Stored records
********************
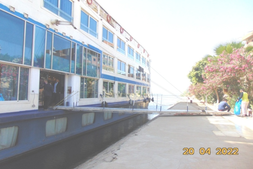 Няколко думи и за самия кораб. Има пет палуби – най-долната е ресторанта и машинното, отгоре лоби бара, рецепцията, каюти и капитанския мостик, после две палуби с каюти и най отгоре голяма открита палуба с малък басейн пълан с очевидно много мръсна вода. Към 14ч. отплувахме нагаре по течението на Нил към следващия ни обект.
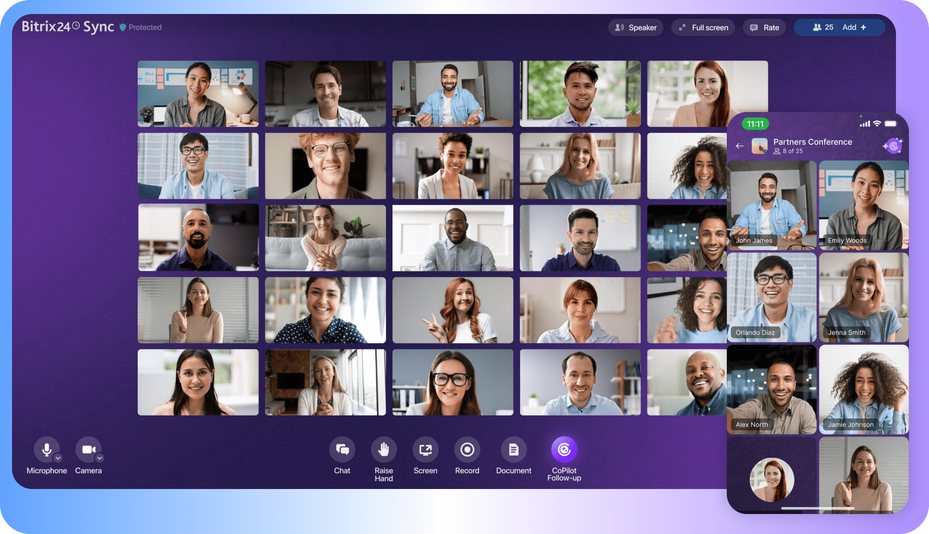 With the improved performance, our Bitrix24 Sync allows you to have up to 1,000 participants on a single while maintaining high quality picture, especially during screen sharing.
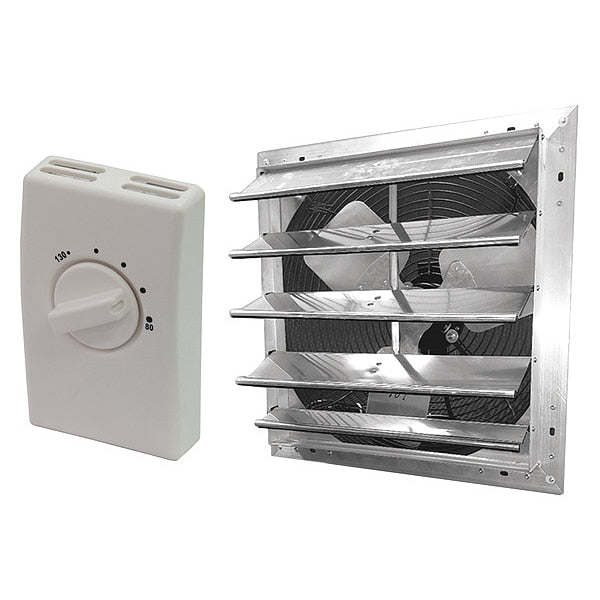 Description Attic Exhaust Fan, Control Type Thermostat, Blade Material Aluminum, Exhaust Airflow @ 0.000 in SP 1,860 cfm, Fire Safety Shut-Off No, High-Efficiency Motor No, Housing Material Aluminum, Includes Humidistat No, Includes Shutter Yes, Includes Thermostat Yes, Maximum Attic Area 2,300 sq ft, Motor Horsepower 1/15 hp, Mounting Location Gable, Nameplate Voltage 120V AC, Overall Height 21 1/4 in, Overall Length 8 in, Overall Width 21 1/4 in, Dome Shape Not Applicable, Dome Width Not Applicable
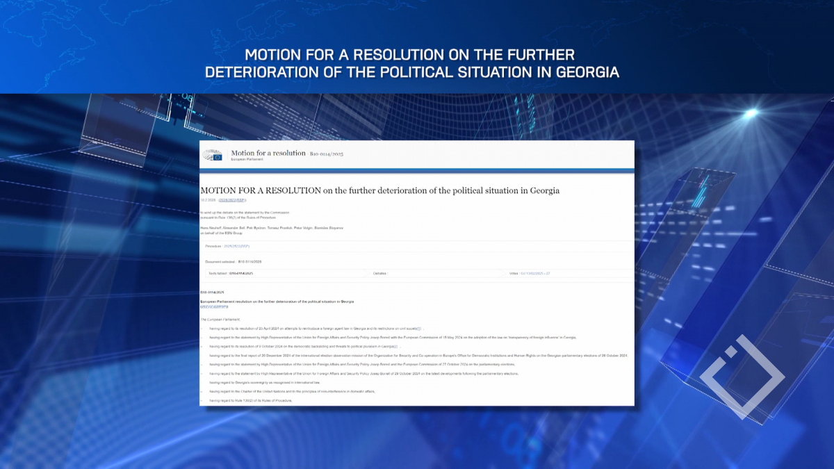 ევროპარლამენტში „სუვერენულ ერთა ევროპის“ (ESN) ჯგუფის სახელით კი ევროდეპუტატებმა საქართველოს ხელისუფლების მხარდამჭერი რეზოლუცია წარადგინეს. ისინი გმობენ ევროკავშირის ჩარევას შიდა საქმეებში. მიაჩნიათ,...
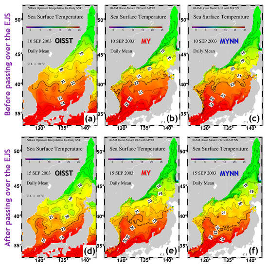 Sea surface temperature horizontal distributions obtained from (a,d) Optimum Interpolation Sea Surface Temperature (OISST) and simulated using (b,e) Mellor–Yamada (MY) model and (c,f) Mellor–Yamada–Nakanishi–Niino (MYNN) model before (top row) and after (bottom row) Typhoon Maemi. The thick contour line in each panel indicates a 22 °C isotherm. The contour interval is 1 °C.
********************
Exercise aim. Set down every record word for word and leave out the pictures.

Solution.
 Няколко думи и за самия кораб. Има пет палуби – най-долната е ресторанта и машинното, отгоре лоби бара, рецепцията, каюти и капитанския мостик, после две палуби с каюти и най отгоре голяма открита палуба с малък басейн пълан с очевидно много мръсна вода. Към 14ч. отплувахме нагаре по течението на Нил към следващия ни обект.
 With the improved performance, our Bitrix24 Sync allows you to have up to 1,000 participants on a single while maintaining high quality picture, especially during screen sharing.
 Description Attic Exhaust Fan, Control Type Thermostat, Blade Material Aluminum, Exhaust Airflow @ 0.000 in SP 1,860 cfm, Fire Safety Shut-Off No, High-Efficiency Motor No, Housing Material Aluminum, Includes Humidistat No, Includes Shutter Yes, Includes Thermostat Yes, Maximum Attic Area 2,300 sq ft, Motor Horsepower 1/15 hp, Mounting Location Gable, Nameplate Voltage 120V AC, Overall Height 21 1/4 in, Overall Length 8 in, Overall Width 21 1/4 in, Dome Shape Not Applicable, Dome Width Not Applicable
 ევროპარლამენტში „სუვერენულ ერთა ევროპის“ (ESN) ჯგუფის სახელით კი ევროდეპუტატებმა საქართველოს ხელისუფლების მხარდამჭერი რეზოლუცია წარადგინეს. ისინი გმობენ ევროკავშირის ჩარევას შიდა საქმეებში. მიაჩნიათ,...
 Sea surface temperature horizontal distributions obtained from (a,d) Optimum Interpolation Sea Surface Temperature (OISST) and simulated using (b,e) Mellor–Yamada (MY) model and (c,f) Mellor–Yamada–Nakanishi–Niino (MYNN) model before (top row) and after (bottom row) Typhoon Maemi. The thick contour line in each panel indicates a 22 °C isotherm. The contour interval is 1 °C.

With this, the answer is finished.